Para o grupo que promove o apagão, não é admissível que o Estado, mesmo sob pena de graves consequências para a saúde e o meio ambiente, imponha qualquer limite sobretudo ao interesse econômico.
No final das contas, é disso que se trata: sacrificar os recursos de um milênio pelo lucro de uma década. Todos os retrocessos já realizados, em curso e planejados, derivam dessa visão. E assim, uma das maiores potências ambientais do mundo pode ser devastada em poucos anos. Para enfrentar esse crime de lesa-pátria, dois caminhos são essenciais: mobilizar a sociedade em defesa de seu patrimônio ambiental e fazer valer judicialmente, nos tribunais, os preceitos de nossa Constituição, que está sendo atacada.

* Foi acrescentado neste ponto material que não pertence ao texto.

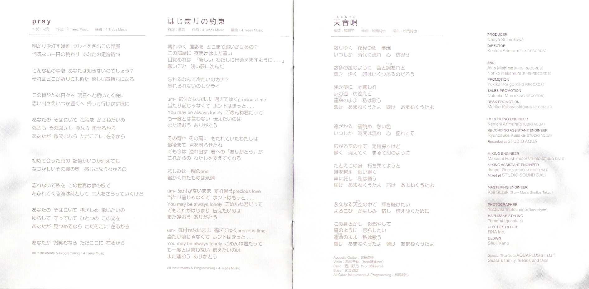 A&R: Akio Mishima (KING RECORDS), Noriko Nakamura (KING RECORDS)

Nossa resistência é legal e pacífica. Infelizmente, não estamos enfrentando grupos com a mesma disposição para o diálogo e a paz, como mostra o aumento dos assassinatos e da violência contra as comunidades e suas lideranças, em todo o Brasil, numa guerra que tende a se agravar muito com a permissão irresponsável do uso de armas por grileiros e latifundiários. Devemos, apesar de tudo, manter o bom combate e a esperança de que a sociedade brasileira acorde para sua força e responsabilidade para com as futuras gerações.

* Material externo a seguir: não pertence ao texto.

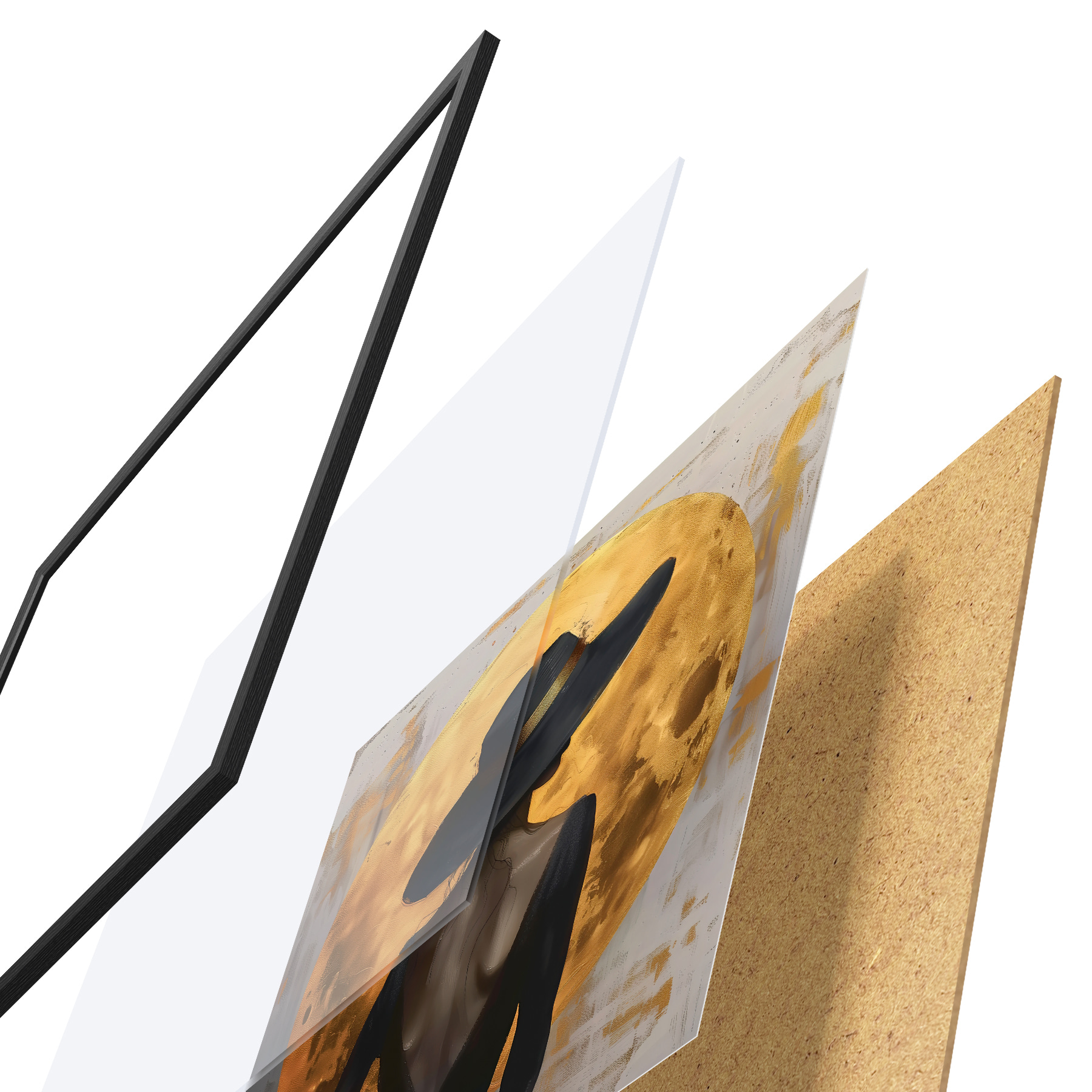 Le poster se compose d'un cadre, d'un plexiglas, d'une image imprimée et d'un support en aggloméré. Le poster peut être immédiatement accroché au mur grâce aux fixations au dos.

Para encerrar, duas notas a propósito do desmonte do ICMBio e a revisão das unidades de conservação que revelam os despropósitos desse governo:
Despropósito 1: Basta o anúncio da revisão das 334 unidades de conservação, já está dada a senha para que grileiros, exploradores ilegais de madeira e garimpeiros possam começar a invadir as áreas, principalmente aquelas em que a pressão é muito forte e há interesses econômicos para extingui-las. Além disso, torna extremamente vulnerável a atuação das pessoas que têm a função pública de fiscalizar e coloca em risco suas vidas.

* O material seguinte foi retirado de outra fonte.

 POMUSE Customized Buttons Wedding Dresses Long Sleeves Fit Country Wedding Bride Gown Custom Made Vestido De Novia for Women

Despropósito 2: A criação do ICMBio, responsável pela Política Nacional de Unidades Conservação, ocorreu mediante medida provisória aprovada pelo Congresso Nacional e referendada pelo STF. Para a seleção de seu presidente, foi constituído um comitê de busca com renomadas autoridades da área ambiental, como o recém-falecido professor Paulo Nogueira Neto. Foi considerada a trajetória dos candidatos, seu conhecimento técnico, experiência e capacidade de negociação. Indicações por critérios políticos e não técnicos, em desrespeito às normas legais de escolha do presidente do ICMbio, aconteceram no governo Bolsonaro em prejuízo da gestão do Instituto e das unidades de conservação.